◆ To do ◆
Exactly reproduce the lines of the listing below from the one containing "The Mitutoyo 103-142" through the one containing "可靠性方面:测试范围包括应用". Skip the images.

Data for this exercise below:

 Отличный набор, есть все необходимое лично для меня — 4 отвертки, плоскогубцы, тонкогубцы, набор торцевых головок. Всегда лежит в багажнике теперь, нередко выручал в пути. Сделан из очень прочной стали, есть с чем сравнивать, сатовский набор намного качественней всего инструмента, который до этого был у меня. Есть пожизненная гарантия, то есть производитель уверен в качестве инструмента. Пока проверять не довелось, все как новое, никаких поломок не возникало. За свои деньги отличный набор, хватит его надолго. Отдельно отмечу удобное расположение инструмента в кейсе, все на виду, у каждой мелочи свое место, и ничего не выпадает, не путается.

End of Data for this exercise.
Data for this exercise below:

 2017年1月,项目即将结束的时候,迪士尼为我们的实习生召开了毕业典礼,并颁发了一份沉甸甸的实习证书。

End of Data for this exercise.
Data for this exercise below:

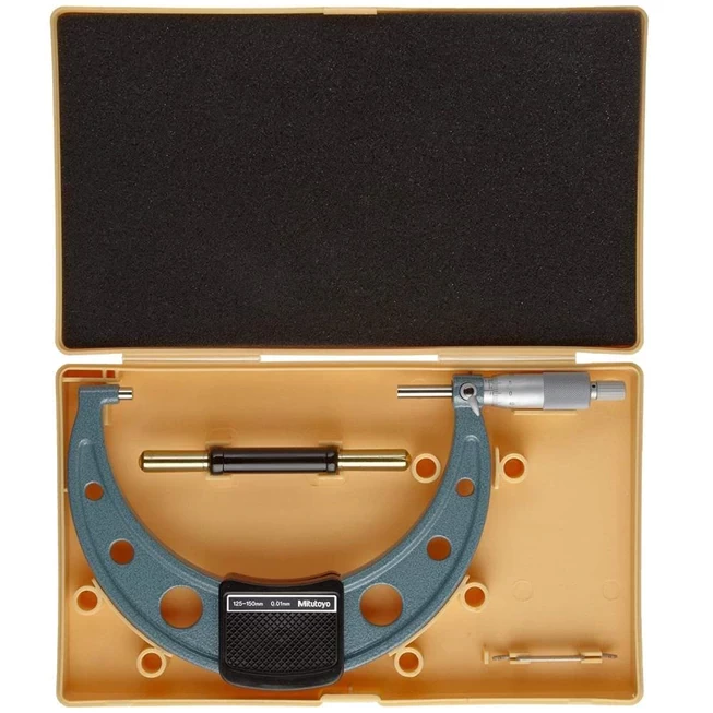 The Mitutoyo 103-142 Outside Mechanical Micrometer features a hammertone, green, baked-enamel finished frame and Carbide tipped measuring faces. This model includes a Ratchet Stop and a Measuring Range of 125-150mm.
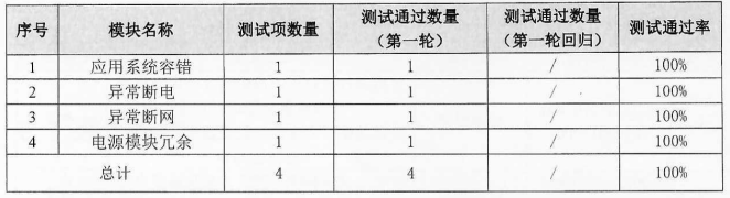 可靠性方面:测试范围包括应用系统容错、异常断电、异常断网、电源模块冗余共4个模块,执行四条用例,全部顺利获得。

End of Data for this exercise.

◆ Expected answer ◆
 The Mitutoyo 103-142 Outside Mechanical Micrometer features a hammertone, green, baked-enamel finished frame and Carbide tipped measuring faces. This model includes a Ratchet Stop and a Measuring Range of 125-150mm.
 可靠性方面:测试范围包括应用系统容错、异常断电、异常断网、电源模块冗余共4个模块,执行四条用例,全部顺利获得。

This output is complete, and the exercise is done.